Re: [PATCH v2 4/4] virtio-net: Add support for USO features

Akihiko Odaki <akihiko.odaki@xxxxxxxxxx> · Sat, 3 Aug 2024 00:54:51 +0900

On 2024/08/03 0:05, Peter Xu wrote:
On Fri, Aug 02, 2024 at 01:30:51PM +0900, Akihiko Odaki wrote:
On 2024/08/02 0:13, Peter Xu wrote:
On Thu, Aug 01, 2024 at 02:05:54PM +0900, Akihiko Odaki wrote:
On 2024/07/31 4:11, Peter Xu wrote:
On Tue, Jul 30, 2024 at 07:46:12PM +0100, Daniel P. Berrangé wrote:
On Tue, Jul 30, 2024 at 02:13:51PM -0400, Peter Xu wrote:
On Mon, Jul 29, 2024 at 06:26:41PM +0100, Daniel P. Berrangé wrote:
On Mon, Jul 29, 2024 at 01:00:30PM -0400, Peter Xu wrote:
On Mon, Jul 29, 2024 at 04:58:03PM +0100, Daniel P. Berrangé wrote:

We've got two mutually conflicting goals with the machine type
definitions.

Primarily we use them to ensure stable ABI, but an important
secondary goal is to enable new tunables to have new defaults
set, without having to update every mgmt app.  The latter
works very well when the defaults have no dependancy on the
platform kernel/OS, but breaks migration when they do have a
platform dependancy.

     - Firstly, never quietly flipping any bit that affects the ABI...

     - Have a default value of off, then QEMU will always allow the VM to boot
       by default, while advanced users can opt-in on new features.  We can't
       make this ON by default otherwise some VMs can already fail to boot,

     - If the host doesn't support the feature while the cmdline enabled it,
       it needs to fail QEMU boot rather than flipping, so that it says "hey,
       this host does not support running such VM specified, due to XXX
       feature missing".

That's the only way an user could understand what happened, and IMHO that's
a clean way that we stick with QEMU cmdline on defining the guest ABI,
while in which the machine type is the fundation of such definition, as the
machine type can decides many of the rest compat properties.  And that's
the whole point of the compat properties too (to make sure the guest ABI is
stable).

If kernel breaks it easily, all compat property things that we maintain can
already stop making sense in general, because it didn't define the whole
guest ABI..

So AFAIU that's really what we used for years, I hope I didn't overlook
somehting.  And maybe we don't yet need the "-platform" layer if we can
keep up with this rule?

We've failed at this for years wrt enabling use of new defaults that have
a platform depedancy, so historical practice isn't a good reference.

There are 100's (possibly 1000's) of tunables set implicitly as part of
the machine type, and of those, libvirt likely only exposes a few 10's
of tunables.

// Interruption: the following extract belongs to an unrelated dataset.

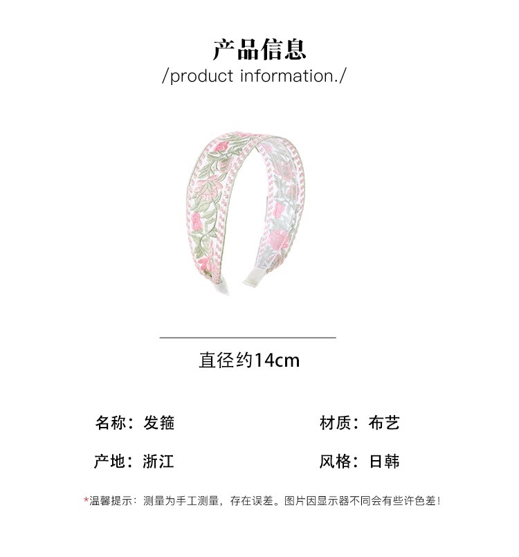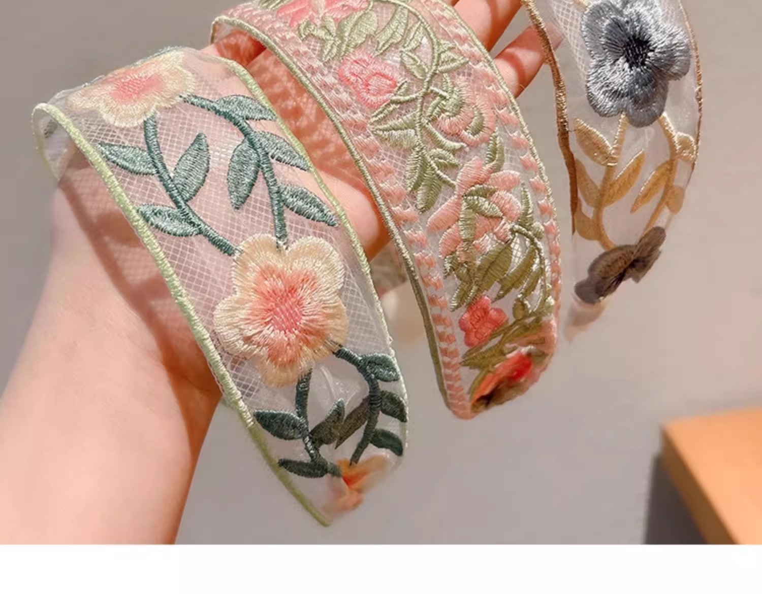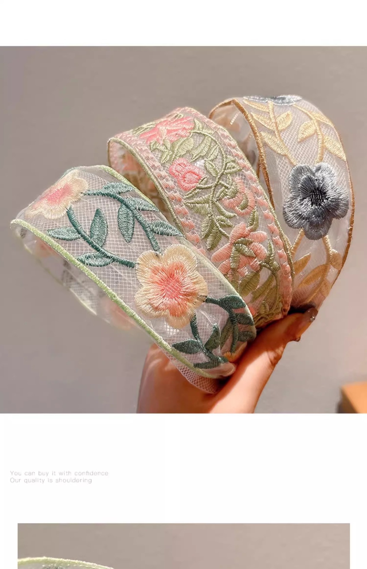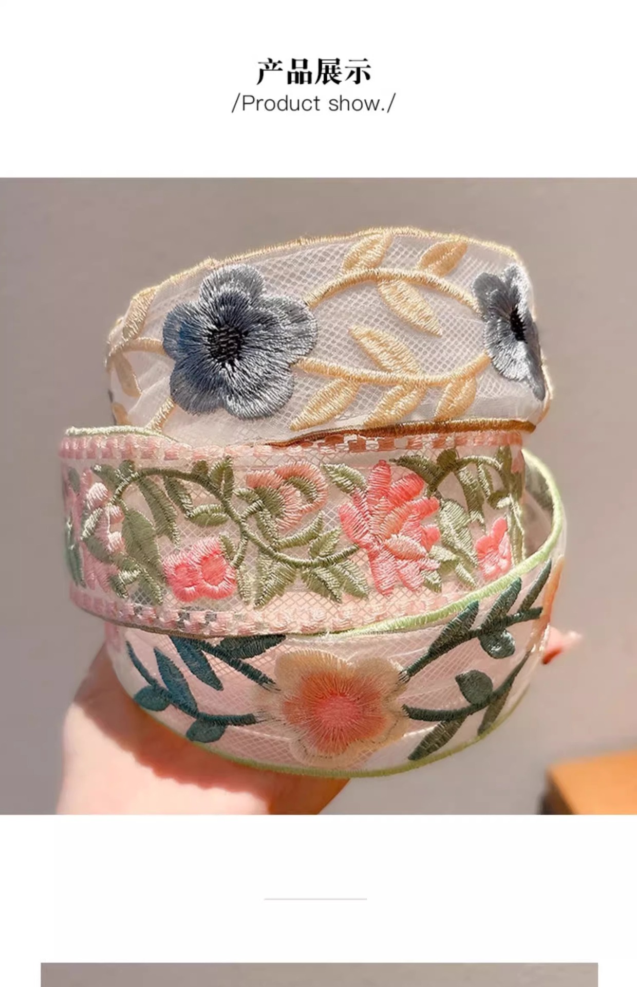 | Color | Bandas de cabello bordadas amarillas en polvo, bandas de cabello bordadas rosadas, bandas de cabello bordadas azules, bandas de cabello bordadas de flores |
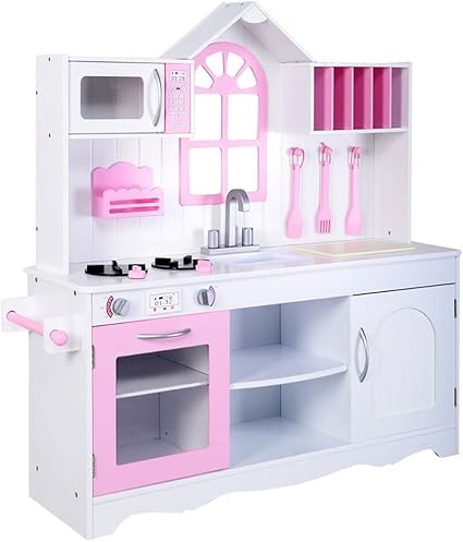 Amazon Com Kids Wood Kitchen Toy Cooking Pretend Play Set

The vast majority are low level details that no mgmt app
wants to know about, they just want to accept QEMU's new defaults,
while preserving machine ABI. This is a good thing. No one wants the
burden of wiring up every single tunable into libvirt and mgmt apps.

This is what the "-platform" concept would be intended to preserve. It
would allow a way to enable groups of settings that have a platform level
dependancy, without ever having to teach either libvirt or the mgmt apps
about the individual tunables.

Do you think we can achieve similar goal by simply turning the feature to
ON only after a few QEMU releases?  I also mentioned that idea below.

https://lore.kernel.org/r/ZqQNKZ9_OPhDq2AK@x1n

So far it really sounds like the right thing to do to me to fix all similar
issues, even without introducing anything new we need to maintain.

Turning a feature with a platform dependency to "on" implies that
the machine type will cease to work out of the box for platforms
which lack the feature. IMHO that's not acceptable behaviour for
any of our supported platforms.

Right, that's why I was thinking whether we should just always be on the
safe side, even if I just replied in the other email to Akihiko, that we do
have the option to make this more aggresive by turning those to ON after
even 1-2 years or even less.. and we have control of how aggressive this
can be.

IOW, "after a few QEMU releases" implies a delay of as much as
5 years, while we wait for platforms which don't support the
feature to drop out of our supported targets list.  I don't
think that'll satisfy the desire to get the new feature
available to users as soon as practical for their particular
platform.

The feature is always available since the 1st day, right?  We just need the
user to opt-in, by specifying ON in the cmdline.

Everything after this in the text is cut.